Robert Monteith, 6 Palmerston Place

Published in 20th-century / Contemporary History, Issue 4 (July/August 2011), Letters, Volume 19

6 Palmerston Place, Dublin 7—once the home of Robert Monteith, commander of Casement's Irish Brigade in Germany. (Brigid Fitzgerald)

6 Palmerston Place, Dublin 7—once the home of Robert Monteith, commander of Casement’s Irish Brigade in Germany. (Brigid Fitzgerald)

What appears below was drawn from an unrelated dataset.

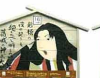
設置町名 日吉町7 設置場所 余楽庵 制作者名 小野 春美

Sir,—On reading an account of Robert Monteith, commander of Casement’s Irish Brigade in Germany during the First World War, a detail caught my eye. As a consequence of his political activities and loyalties, the account written by his daughter tells how
‘. . . he was dismissed from his post at the Ordnance Depot. He was not allowed to go back to his desk for his coat or pipe . . . Later that night two men from the G Division came to his house and read him a deportation order which stated that “R. Monteith, of 6 Palmerston Place, Broadstone, Dublin, shall not, except with permission in writing from me or other competent naval or military authority, reside after twelve o’clock noon, on the 14th day of November, 1914, within the Metropolitan Police District of Dublin”.’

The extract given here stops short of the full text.